* [What the task asks] Please print the line that holds "At the end of" and each line after it to the end of the data, word for word, without any pictures.

* [Entries shown]
┄┄┄┄┄┄┄┄┄┄┄┄┄┄┄┄┄┄┄┄

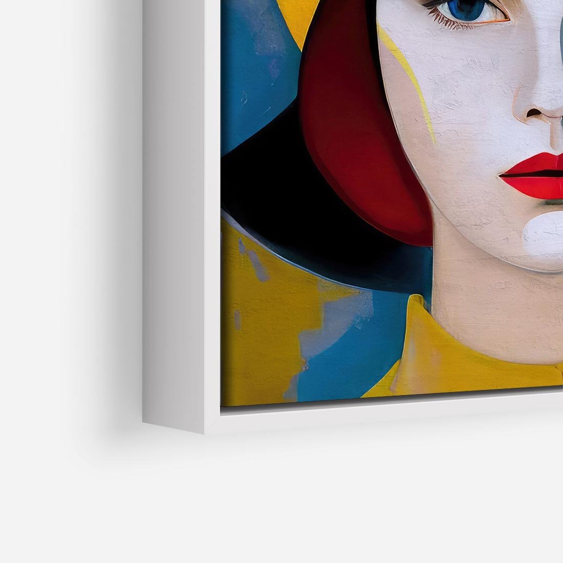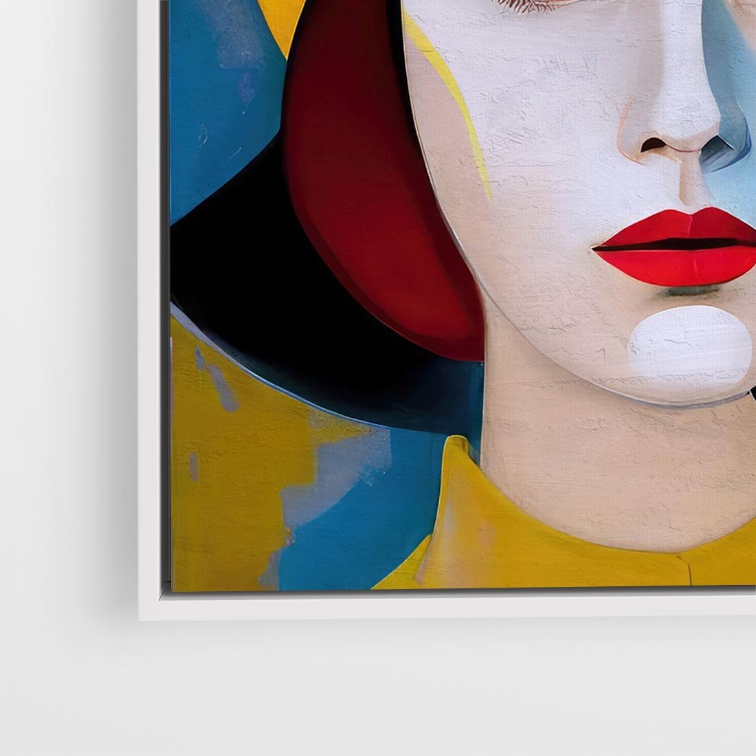 Obraz w ramie 80x80 - Kształtujące Widzenia - abstrakcyjny obraz olejny, portret twarzy kobiety - rama biała
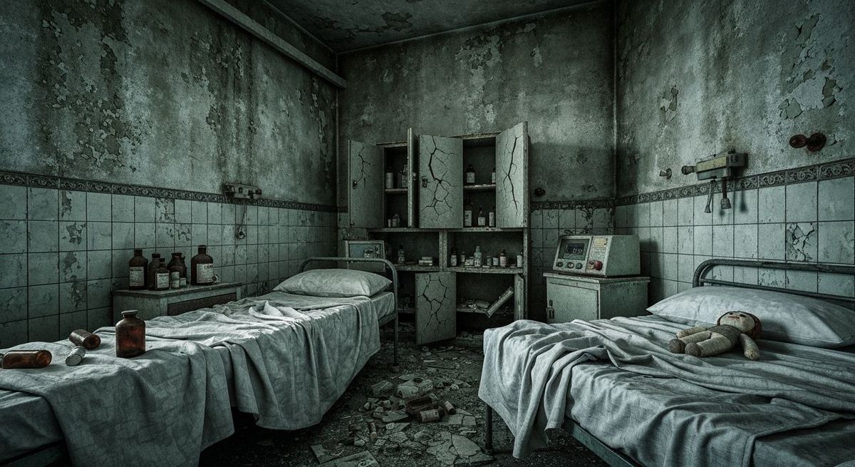 This image depicts a derelict psychiatric ward room with messy beds, old medicine bottles, and rusty equipment. Peeling paint and dirty walls enhance the grim atmosphere, illuminated by dim light.
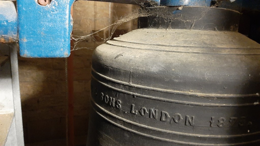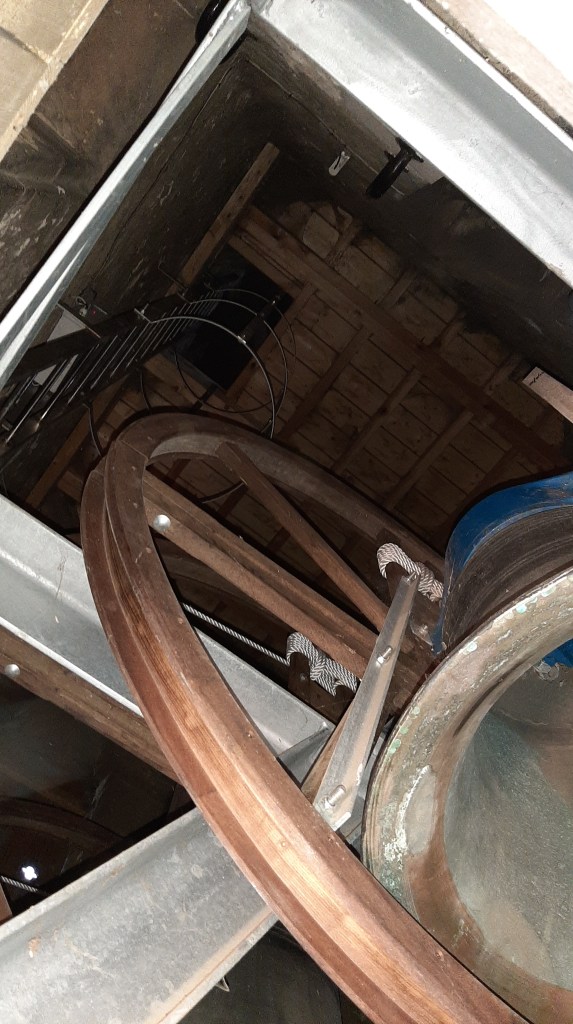 At the end of the practice we rang down in peal and Geoff invited us to see the bells, which most of us accepted. The bells are squeezed into the belfry in two tiers. As they are quite big bells there is not much space to manoever but we managed to admire the installation and take a few photos.
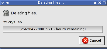 Sometimes, when a file deletion takes a long time, Thunar shows a progress window with a crazy amount of hours it estimates the deletion is going to take. Please see this image: http://img368.imageshack.us/img368/1202/thunarpt7.png I am using Thunar 0.9.0 on Debian Lenny AMD64.
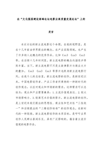【七哥公文】2025年:在“文化强国建设高峰论坛电影业高质量发展论坛”上的发言+更多免费公文+VX:QiGeGongWen2024

┄┄┄┄┄┄┄┄┄┄┄┄┄┄┄┄┄┄┄┄

* [Answer space]
 At the end of the practice we rang down in peal and Geoff invited us to see the bells, which most of us accepted. The bells are squeezed into the belfry in two tiers. As they are quite big bells there is not much space to manoever but we managed to admire the installation and take a few photos.
 Sometimes, when a file deletion takes a long time, Thunar shows a progress window with a crazy amount of hours it estimates the deletion is going to take. Please see this image: http://img368.imageshack.us/img368/1202/thunarpt7.png I am using Thunar 0.9.0 on Debian Lenny AMD64.
【七哥公文】2025年:在“文化强国建设高峰论坛电影业高质量发展论坛”上的发言+更多免费公文+VX:QiGeGongWen2024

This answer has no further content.